Where to Use Formulas
You can use DAX formulas either in PowerPivot tables, or in PivotTables in Excel:
You can use formulas in calculated columns, by adding a column and then typing an expression in the formula bar. You create these formulas in the PowerPivot window. For more information, see Create a Calculated Column.
You can use formulas in measures. You create these formulas in Excel, by clicking Add Measure in an existing PowerPivot PivotTable or PivotChart. For more information, see Create a Measure.
The same formula can behave differently depending on whether the formula is used in a calculated column or a measure. In a calculated column, the formula is always applied to every row in the column, throughout the table. Depending on the row context, the value might change. In a measure, however, the calculation of results is strongly dependent on context. That is, the design of the PivotTable and the choice of row and column headings affects the values that are used in calculations. For more information, see Context in DAX Formulas.
Creating Formulas by Using the Formula Bar
PowerPivot, like Excel, provides a formula bar to make it easier to create and edit formulas, and AutoComplete functionality, to minimize typing and syntax errors.
To enter a name of a table Begin typing the name of the table. Formula AutoComplete provides a dropdown list containing valid names that begin with those letters.
To enter the name of a column Type a bracket, and then choose the column from the list of columns in the current table. For a column from another table, begin typing the first letters of the table name, and then choose the column from the AutoComplete dropdown list.
For a walkthrough of how to build formulas, see Build Formulas for Calculations.
Tips for Using AutoComplete
You can use Formula AutoComplete in the middle of an existing formula with nested functions. The text immediately before the insertion point is used to display values in the drop-down list, and all of the text after the insertion point remains unchanged.
Defined names that you create for constants do not display in the AutoComplete drop-down list, but you can still type them.
PowerPivot does not add the closing parenthesis of functions or automatically match parentheses. You must make sure that each function is syntactically correct or you cannot save or use the formula.
Using Multiple Functions in a Formula
You can nest functions, meaning that you use the results from one function as an argument of another function. You can nest up to 64 levels of functions in calculated columns. However, nesting can make it difficult to create or troubleshoot formulas.
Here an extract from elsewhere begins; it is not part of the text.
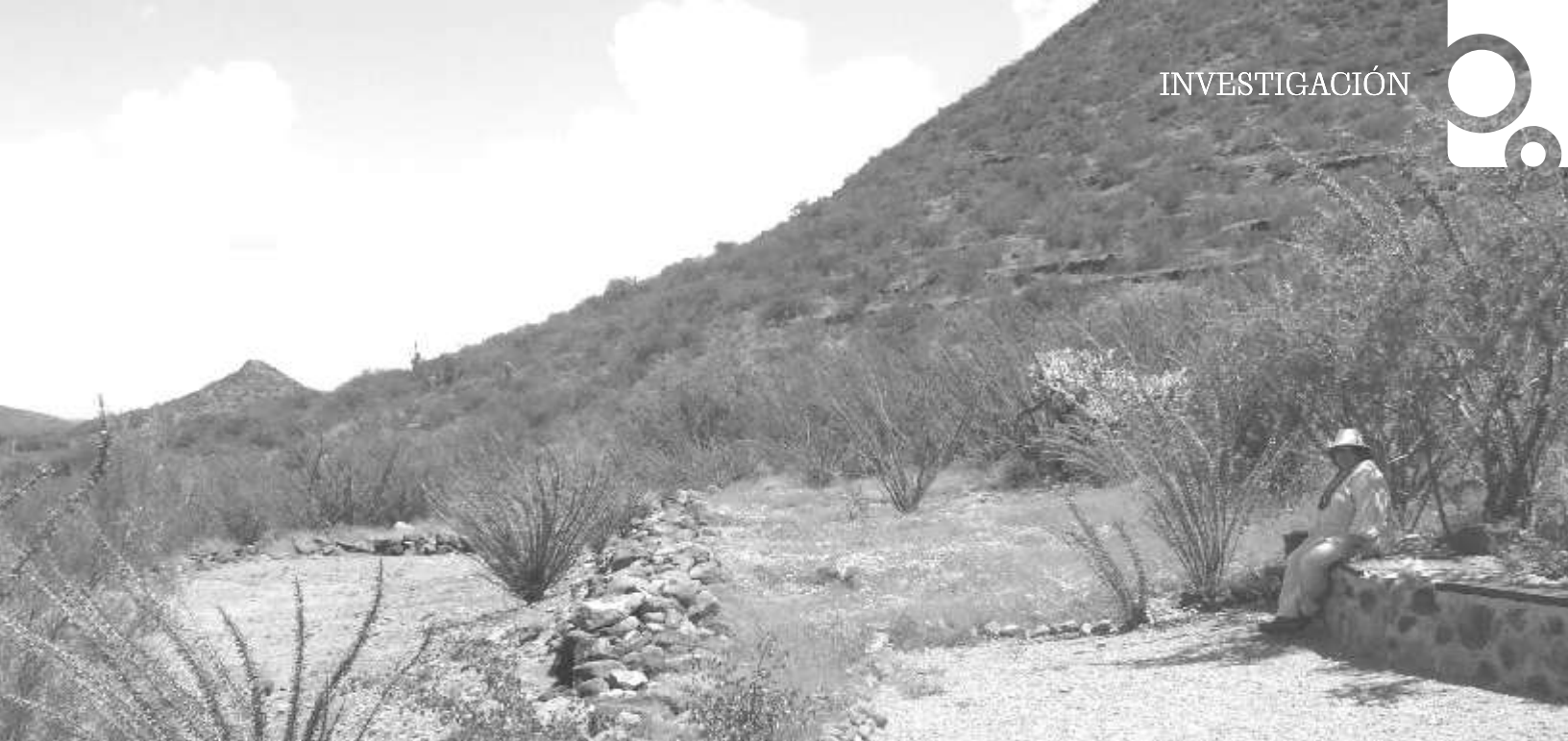
Área de descanso frente a “La Cancha” a principio del recorrido.

Many PowerPivot functions are designed to be used solely as nested functions. These functions return a table, which cannot be directly saved as a result to the PowerPivot workbook; it must be provided as input to a table function. For example, the functions SUMX, AVERAGEX, and MINX all require a table as the first argument.
Some limits on nesting of functions exist within measures, to ensure that performance is not affected by the many calculations required by dependencies among columns.
The DAX function library is based on the Excel function library, but the libraries have many differences. This section summarizes the differences and similarities between Excel functions and DAX functions.
Many DAX functions have the same name and the same general behavior as Excel functions but have been modified to take different types of inputs, and in some cases, might return a different data type. Generally, you cannot use DAX formulas in an Excel workbook or use Excel formulas in a PowerPivot workbook without some modification.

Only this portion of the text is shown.